We integrated the consensus QSAR model into the KRASAVA framework, freely available at https://github.com/ovttiras/QSAR_KRAS_inhibitors_v2/blob/main/KRASAVA%20v2.ipynb (accessed on 10 December 2025), a reproducible Jupyter Notebook, executable via Google Colab. In KRASAVA, one can enter the information on the chemical structures of compounds under investigation via the SMILES linear notations [34], or files in CSV or SDF format. One of the processing steps in KRASAVA is the automatic validation and standardization of the input chemical structures. If a user enters an invalid structure, the application returns the index number of the compound in the uploaded CSV or SDF file, along with the SMILES notation of the corresponding structure.
For chemical structures that successfully pass validation and standardization, the application checks for the availability of experimental IC_50_ values for KRAS G12D in the ChEMBL database. If experimental data are available, the framework displays the mean value, standard deviation of the experimental IC_50_ values, and the corresponding ChEMBL compound ID [35]. In this case, activity prediction is not performed.
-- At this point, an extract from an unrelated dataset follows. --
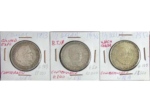 ESTADOS UNIDOS. Lote 3 monedas 1/2 Dollar. 1893. 1946 y 1952. Conmemorativas. Expo Chicago, Booker T. Washington y Carver-Washington. KM-117, 198 y 200. MBC a EBC.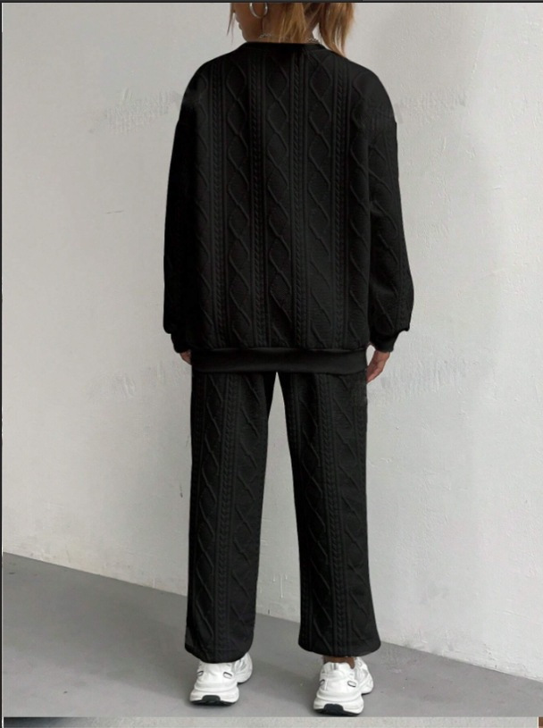 아마존 2024 가을과 겨울 새로운 유럽과 미국의 국경 간 여성 자카드 긴 소매 캐주얼 크루 넥 스웨터 바지 세트

When analyzing individual compounds, the KRASAVA framework implements the assessment of compliance with Muegge’s rules. Previously, we proposed a set of structural fragments—toxicophores—that consistently increase the level of acute oral toxicity in rats [36]. We integrated the identification of these fragments, along with Brenk filters and PAINS, into the KRASAVA framework (Figure 3), allowing preliminary evaluation of oral bioavailability and potential toxicity.
In addition, the framework includes identification of molecular fragments associated with the most significant molecular descriptors (Figure 2) that were determined through structural interpretation for the purposes of molecular design.
Based on the identified structure-activity relationships and using the capabilities of the KRASAVA framework, we performed a rational molecular design using the compound 4-(3,8-diazabicyclo[3.2.1]octan-3-yl)-8-fluoro-2-[[(2R,8S)-2-fluoro-1,2,3,5,6,7-hexahydropyrrolizin-8-yl]methoxy]-7-[5-methoxy-2-(trifluoromethoxy)phenyl]pyrido [4,3-d]pyrimidine (PubChem CID 156124915, SCHEMBL23053462, BDBM573509, Example 361), having the pIC_50_ value of 5.57, according to the patent US-11453683-B1 [37].
If the structure of compound BDBM573509 is modified by replacing the methoxy group with a hydroxy group (pattern No. 4) and the trifluoromethoxy group (a methoxy derivative) with an alkyne group (pattern No. 2), the inhibitory activity increases—the calculated pIC_50_ value for the new compound (compound 1) is 7.98 (Figure 4). In the modified compound 1, unlike the original molecule BDBM573509, pattern No. 6 is also satisfied, according to which a hydroxy group in the para-position relative to other substituents enhances the inhibitory activity against KRAS G12D.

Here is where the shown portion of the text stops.